Still, many supporters of L.G.B.T.Q. rights saw Justice Thomas’s words as a call to jettison modern constitutional jurisprudence. “The court has moved a lot of times in recent history to extend rights to people — not to take them away — and so this is a startling and shocking and dangerous ruling today,” said Gary Buseck, a senior adviser with the Gay and Lesbian Advocates and Defenders organization.
In his opinion, Justice Thomas agreed with the majority’s ruling that the right to abortion was not a form of “liberty” protected by the due process clause of the 14th Amendment.
He then argued that the court should revisit three landmark cases that have also relied on such legal reasoning: Griswold v. Connecticut, a 1965 decision declaring that married couples had a right to contraception; Lawrence v. Texas, a 2003 case overturning sodomy laws and legalizing same-sex sexual activity nationwide; and Obergefell v. Hodges, the 2015 case establishing the right of gay couples to marry.
For any of those cases to be overturned, litigation would have to work its way up to the Supreme Court, and four justices would have to sign on to a petition to hear the case. The rights established in those cases could still be affirmed on similar or other legal grounds.

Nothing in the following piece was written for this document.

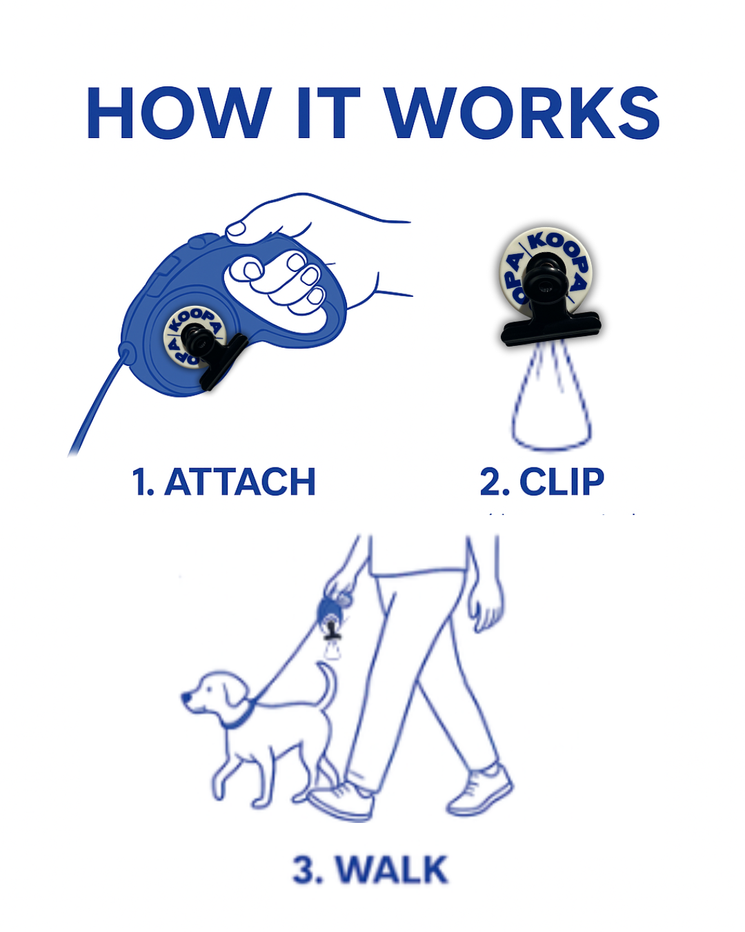 Absolutely. The Koopa Clip is designed for quick, intuitive attachment—just clip it onto your retractable leash and you’re set. No tools, no fuss—just grab and go.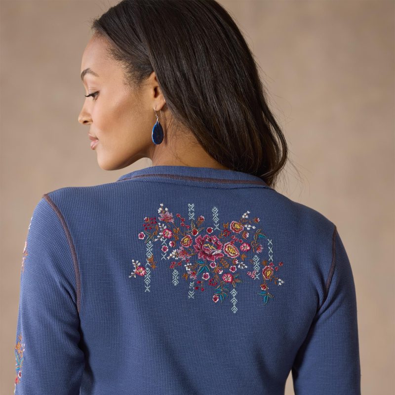 Lovely. multicolored floral and geometric embroidery graces our fitted. notch neck henley with contrast stitching detail. rib trim and princess seams. Metal buttons. Cotton. Machine wash. Imported. Exclusive. Sizes XS (0–2). S (4–6). M (8–10). L (12–14). XL (16–18). XXL (20-22). Approx. 26l.

Mr. Obergefell said the Thomas concurrence distressed him.
“Justice Thomas makes it clear, once again, that he does believe some of us are more equal than others — that some of us don’t deserve to commit to the person we love,” he said.
L.G.B.T.Q. advocates warned that Justice Thomas had issued broadsides against the 2015 same-sex marriage case before.
In 2020, when the Supreme Court declined to take up the case of a Kentucky clerk who refused to issue marriage licenses to gay couples, he and Justice Samuel A. Alito Jr. issued a statement saying Obergefell threatened “the religious liberty of the many Americans who believe that marriage is a sacred institution between one man and one woman.”
Justice Thomas’s opinion on Friday “would be profoundly shocking if it were coming from anyone other than Justice Thomas,” said Jennifer Pizer, the acting chief legal officer for Lambda Legal, which focuses on protecting the civil rights of lesbian, gay, bisexual and transgender people.
“It is simply bizarre and jurisprudentially mistaken to read the Constitution as if it were a catalog,” she added. “The Constitution does not say we have an explicit right to breathe or eat, but of course the government can’t deprive us of the right to breathe simply because the phrase is not in the Constitution.”